• _INSTRUCTIONS TO FOLLOW_
Skip the pictures. Transcribe the rest of the data below without changing a word.

• _MATERIAL PROVIDED_
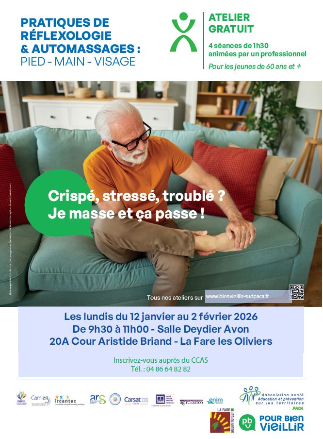 Il reste encore quelques places pour l’atelier « pratiques de réflexologie & automassages : pied, main, visage » qui débutera le 12 janvier prochain.
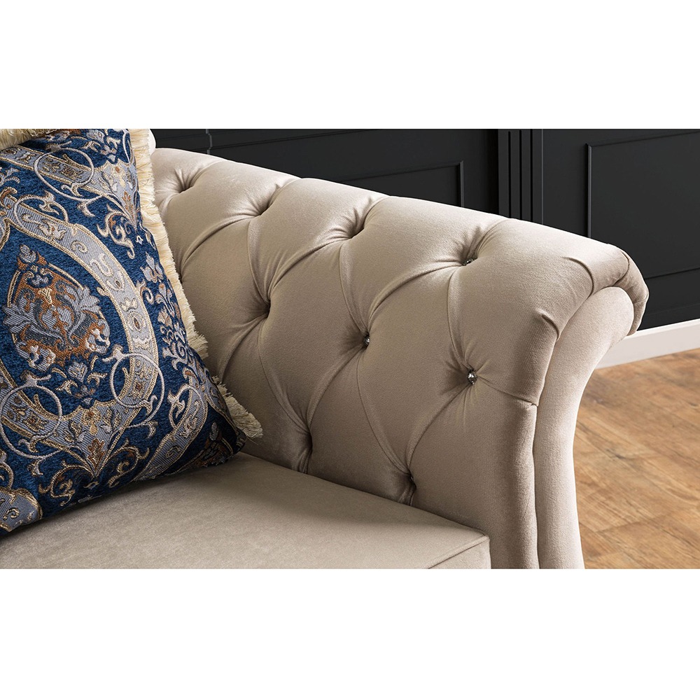 Leave a lasting impression with this timeless reimagining of the chesterfield sofa. Cues from the classic design are kept with essential changes to bring it to the modern day. The reverse camelback seat and arms are deeply tufted with acrylic buttons, and the premium fabric used is in a regal shade of light mocha. Matching pillows with intricate pattern are included. Optional chair and loveseat are available.
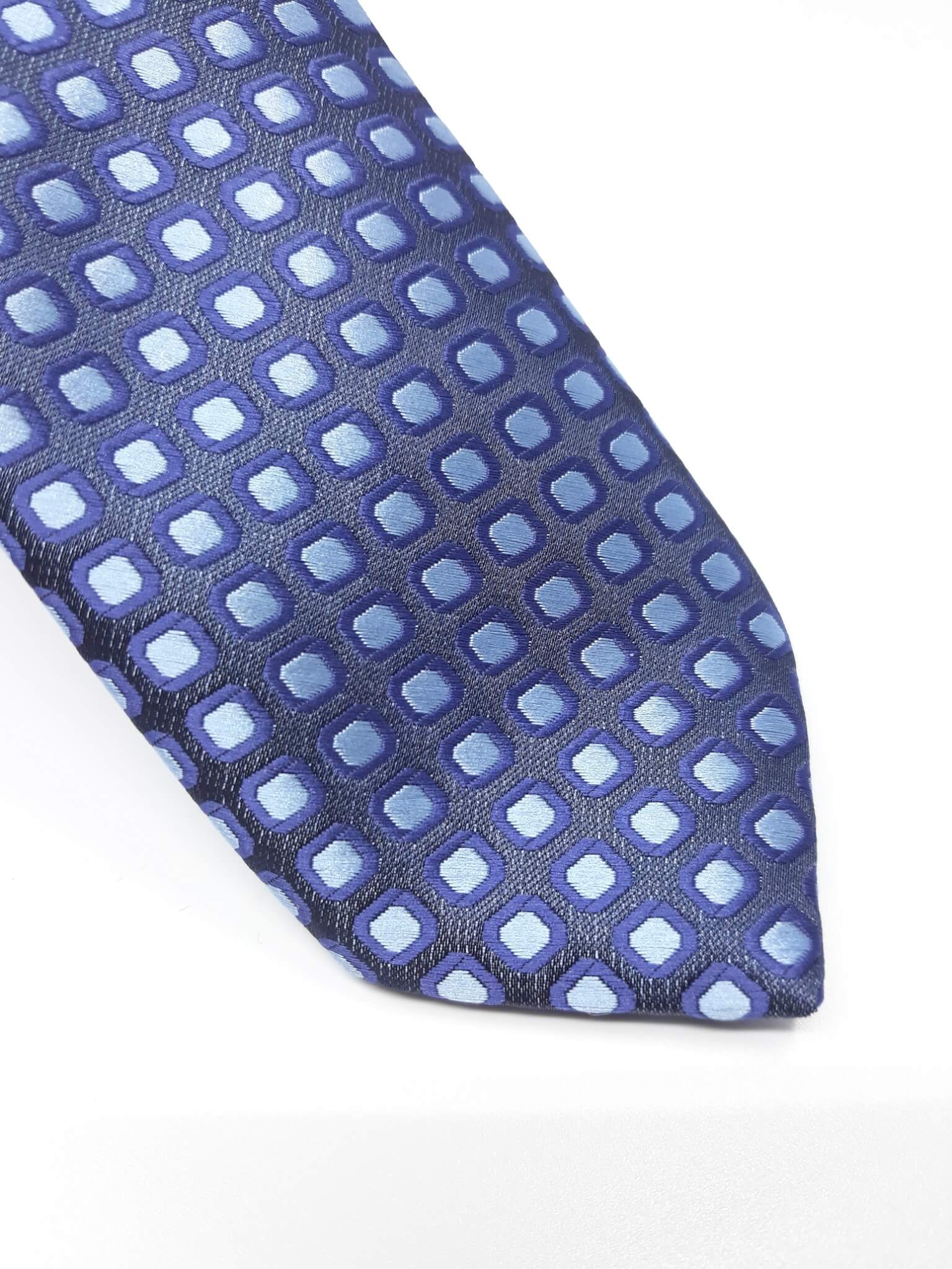 Elegancki Krawat Granatowo Niebieski w Kwadraty

• _SOLUTION FOR THIS TASK_
 Il reste encore quelques places pour l’atelier « pratiques de réflexologie & automassages : pied, main, visage » qui débutera le 12 janvier prochain.
 Leave a lasting impression with this timeless reimagining of the chesterfield sofa. Cues from the classic design are kept with essential changes to bring it to the modern day. The reverse camelback seat and arms are deeply tufted with acrylic buttons, and the premium fabric used is in a regal shade of light mocha. Matching pillows with intricate pattern are included. Optional chair and loveseat are available.
 Elegancki Krawat Granatowo Niebieski w Kwadraty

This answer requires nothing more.